Reference counting is particularly difficult to do efficiently in a multi-threaded environment. I don't know how you'd even start to do it without getting into hardware assisted transactions or similar (currently) unusual atomic instructions.
Reference counting is easy to implement. JVMs have had a lot of money sunk into competing implementations, so it shouldn't be surprising that they implement very good solutions to very difficult problems. However, it's becoming increasingly easy to target your favourite language at the JVM.
The latest Sun Java VM actually have multiple GC algorithms which you can tweak. The Java VM specifications intentionally omitted specifying actual GC behaviour to allow different (and multiple) GC algorithms for different VMs.

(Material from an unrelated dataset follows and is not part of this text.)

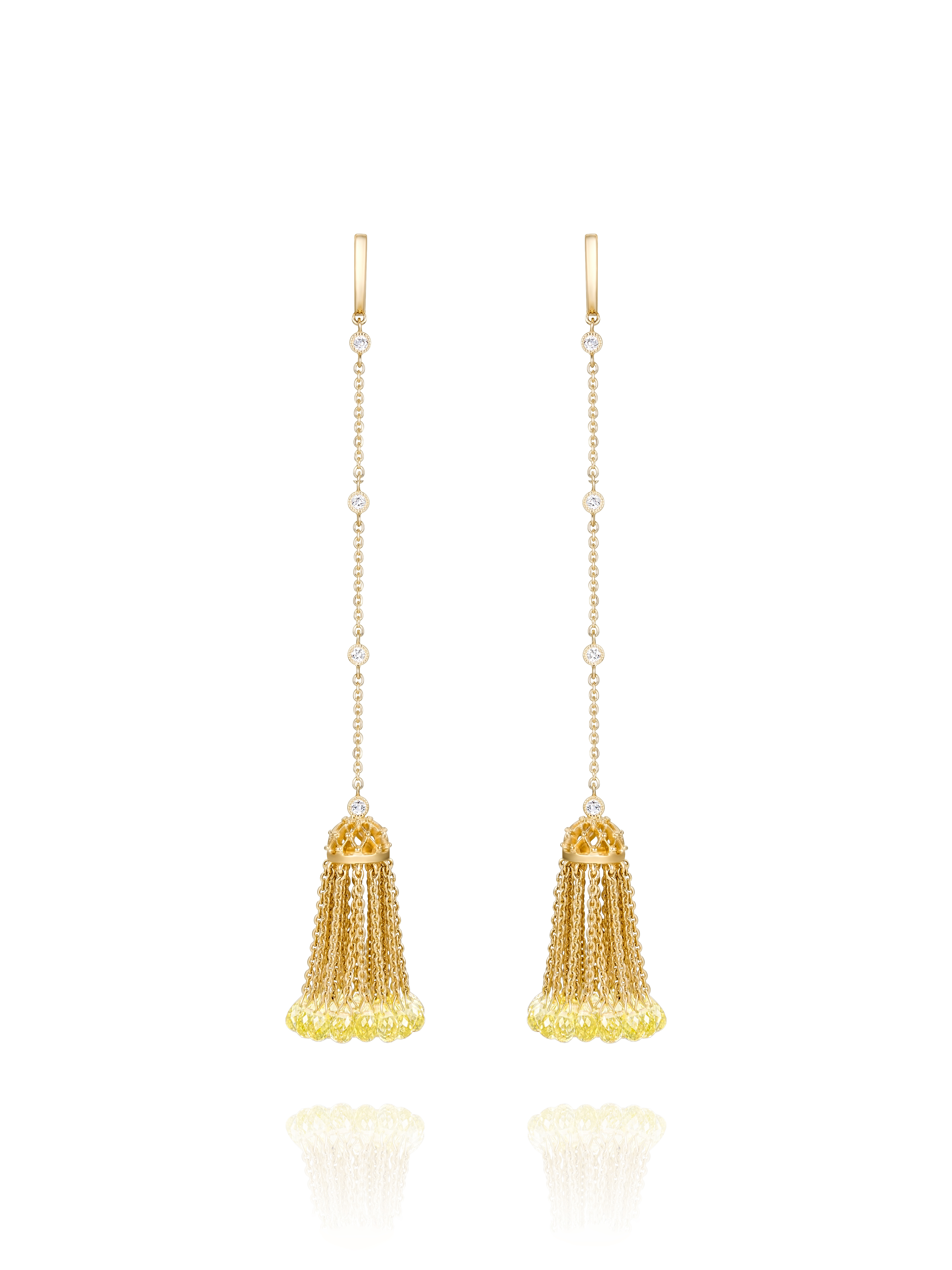 Short tassel earrings in yellow gold with 50 briolette-cut lemon quartzes with a total weight of 14.69 ct and 8 colorless topazes with a total weight of 0.33 ct. Item length – 10 cm.

For example, for all the people who dislike the "stop-the-world" approach of the default Sun Java VM GC behaviour, there are VM such as IBM's WebSphere Real Time which allows real-time application to run on Java.
Since the Java VM spec is publicly available, there is (theoretically) nothing stopping anyone from implementing a Java VM that uses CPython's GC algorithm.
Late in the game, but I think one significant rationale for RC in python is its simplicity. See this email by Alex Martelli, for example.
(I could not find a link outside google cache, the email date from 13th october 2005 on python list).